Resseguie first got the idea for the festival after commissioning a choral piece about his great grandfather, who immigrated from Norway to Iowa in 1890. He led a group of singers who performed the piece in the Norwegian church where his great grandfather was baptized. 

The experience of performing and collaborating with singers there inspired Ressigue to create this international, intergenerational event in Ireland.

"We learn so much about each other when we sing together, that [I thought] it would be a really powerful event to bring people together from different countries, to live together for a week, to rehearse together all week, you know, culminating in this beautiful concert," Ressigue said over the phone from Kinsale, Ireland.

Seventy of the singers who went to Ireland for the World Choral Fest were from Kansas City.

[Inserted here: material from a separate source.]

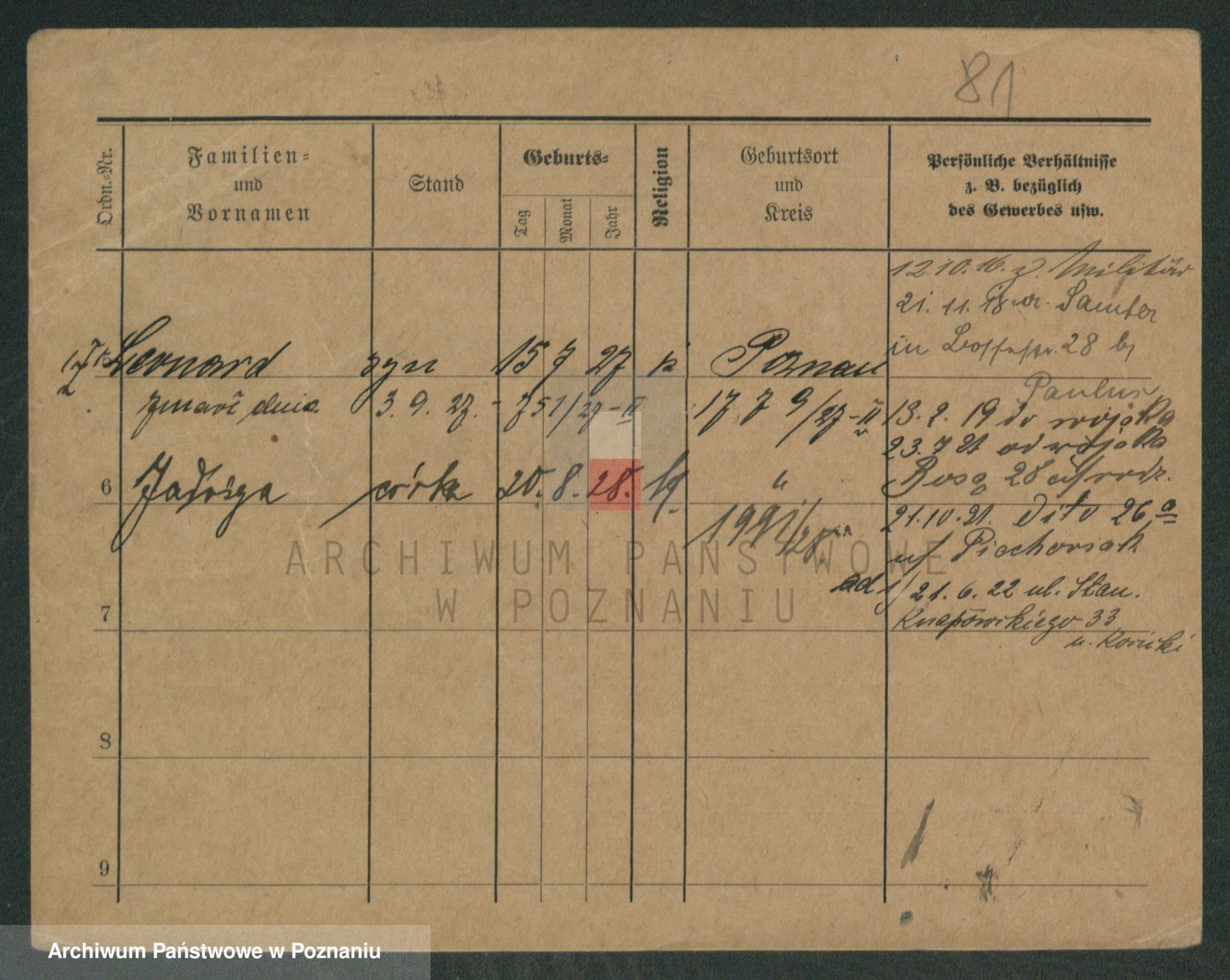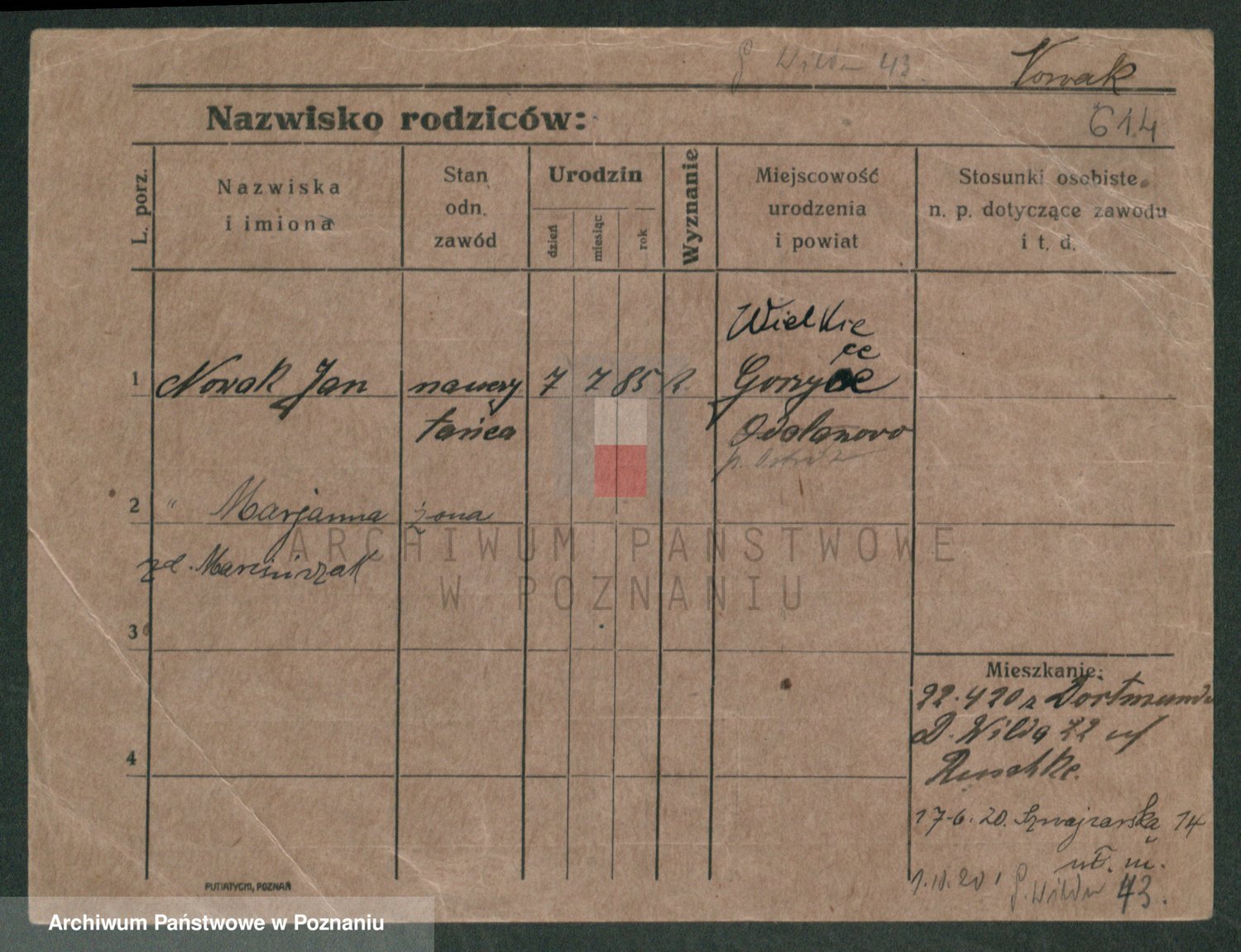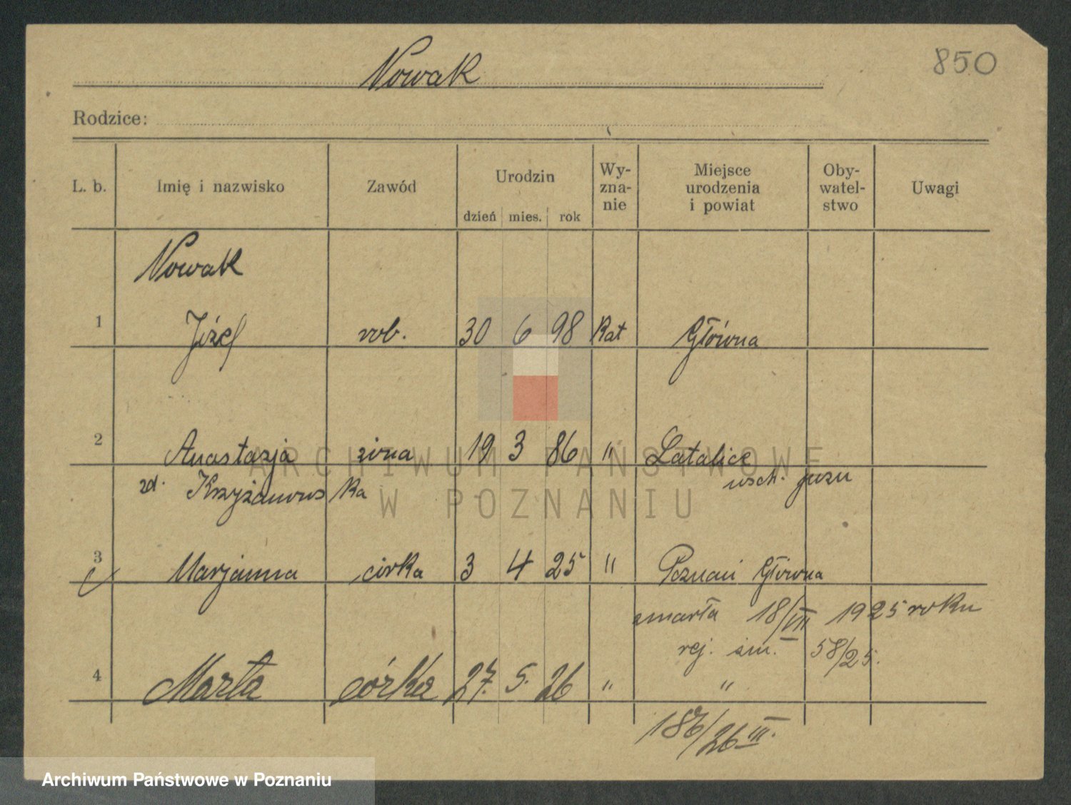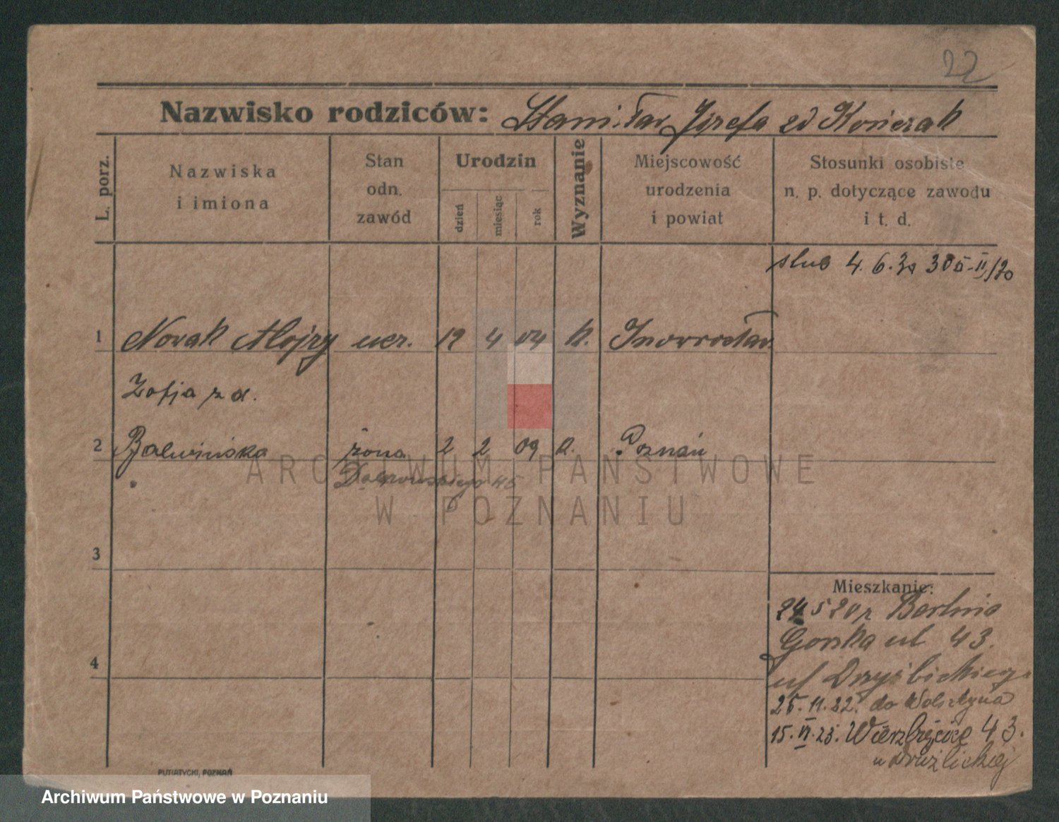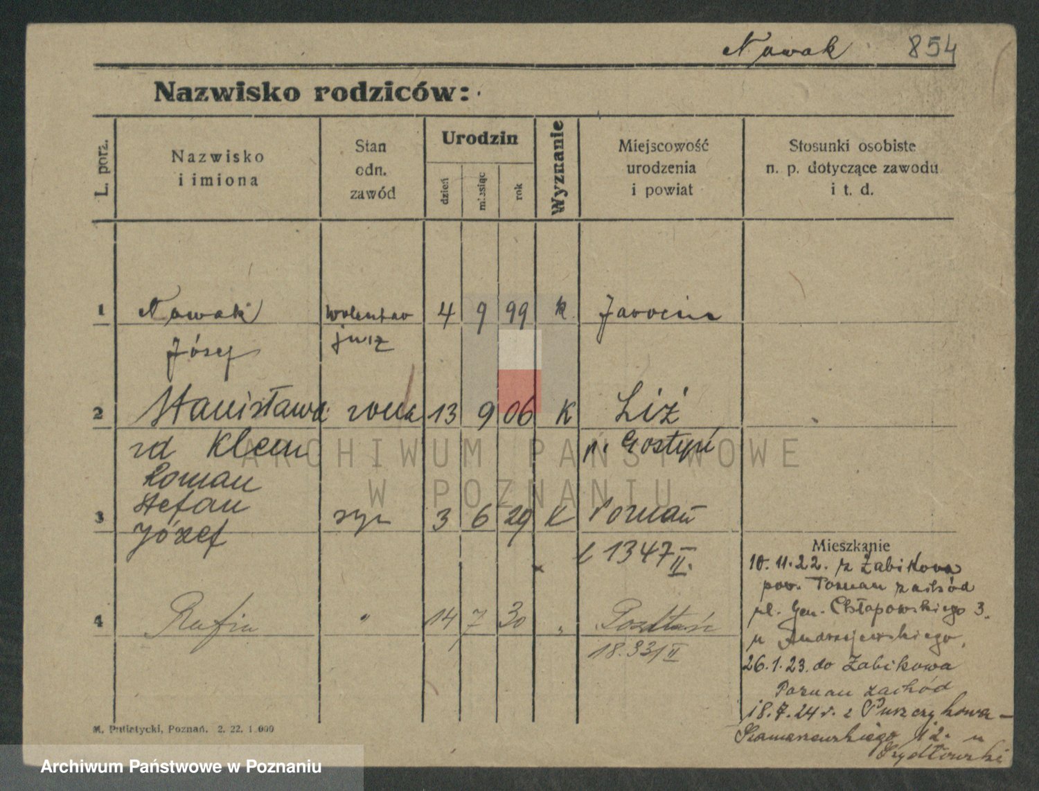 Podgląd karty osobowej dostępny jest po kliknięciu na nazwisko lub ikonkę karty. Można dokonywać powiększenia (ikony na górze) lub przechodzić między kolejnymi skanami (strzałki po bokach).

Many were from Staley High School.

This year also happens to be "the year of the gathering." Ireland is calling Irish families back to the island to celebrate their common culture. Many of the singers who traveled there took the time to celebrate their own heritage.

The closing concert culminated with the world premiere of the new piece "Cantate Canticum Novum" (which means “sing a new song” in Latin). It was composed by Dan Forrest, who happens to be a University of Kansas graduate, with lyrics by TonySilvestri, who’s a Lawrence, Kan. resident.